Unless you think Lacey is lying, members of the media must have heard those screams too.
"In opening statements, the defense had ridiculed the idea that Burge would abuse a suspect right under the nose of reporters and police brass."
But would it really surprise anyone? After all, Wilson was a suspected cop-killer.
"[L]ate that same night, Lacey saw [the suspect, Andrew] Wilson again on TV news and said he looked 'somewhat haggard and had big bandages on his head.'"
And the media didn't pursue a line of questioning about Wilson's treatment?
I didn't live in Chicago at the time, so I have no memory of the media coverage of the case at the time. But I did find the Tribune's account through ProQuest:
* "Investigators close to the case said the Wilsons gave police detailed accounts of the events surrounding the shootings," Andy Knott and Bonita Brodt reported on Feb. 15, 1982.
Also on that day, William Recktenwald and Joseph Reaves reported that "it was revealed one of the three youths had confessed to the killings and implicated the two brothers."
* On Feb. 16, 1982, John O'Brien and Philip Watley reported in the 32nd paragraph of a 33-paragraph article that "At his bond hearing Monday, [Andrew Wilson] was bleeding from a gash on his forehead, which was bandaged. No explanation of the injury was offered in court."
* On Feb. 18, 1982, the Tribune reported this, reproduced here in full:
"During the weeklong period following the shooting deaths of patrolmen William Fahey and Richard O'Brien, the Chicago Police Department received 18 complaints of excessive force being used by police in its investigation.
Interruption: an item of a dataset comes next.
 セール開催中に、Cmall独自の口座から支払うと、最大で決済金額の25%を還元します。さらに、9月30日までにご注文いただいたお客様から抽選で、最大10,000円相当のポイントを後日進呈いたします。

"A spokesperson for Police Supt. Richard Brzeczek said Wednesday that all complaints were being investigated by the department's Office of Professional Standards.
"The department said the names of complainants or nature of their allegations will not be released.
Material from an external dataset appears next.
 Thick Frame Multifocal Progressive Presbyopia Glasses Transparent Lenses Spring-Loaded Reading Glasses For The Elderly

"Earlier Wednesday, the Rev. Jesse Jackson, head of Operation Push, called a press conference to announce that his agency had received more than 40 calls of 'police brutality' during the investigation of Fahey and O'Brien.
"Jackson said the complaints ranged from verbal and physical abuse to illegal entry without warrants.
"'Our community is under occupation and under martial law,' Jackson told reporters. 'Our community is very tense. It is a war zone.'
"Referring to murder suspects Andrew Wilson and his brother, Jackie, arrested in connection with the slayings, Jackson said, 'They are innocent until proven guilty.'"
A search using the keywords "Andrew Wilson" and "brutality' for the rest of 1982 came up empty.
One scheme involved our old pal Mickey Segal, the erstwhile and imprisoned former macher and head honcho of the once almighty Near North Insurance company.
"The plan, never executed, was to use a front man to take over Near North and then have it broker insurance to the state, Monk said," the Tribune reports. "It would work, he explained, because Rezko already had greased the way by getting two of his friends installed by Blagojevich into posts that governed insurance contracts.
"One was Michael Rumman at the state's Central Management Services department, which handles purchasing and the other was J. Anthony Clark, the director of the state Department of Insurance.
"Profits were to be held by Rezko and divvied four ways once Blagojevich was out of office, an arrangement Monk said was arrived at because the scheme 'was in all likelihood wrong and breaking the law.'"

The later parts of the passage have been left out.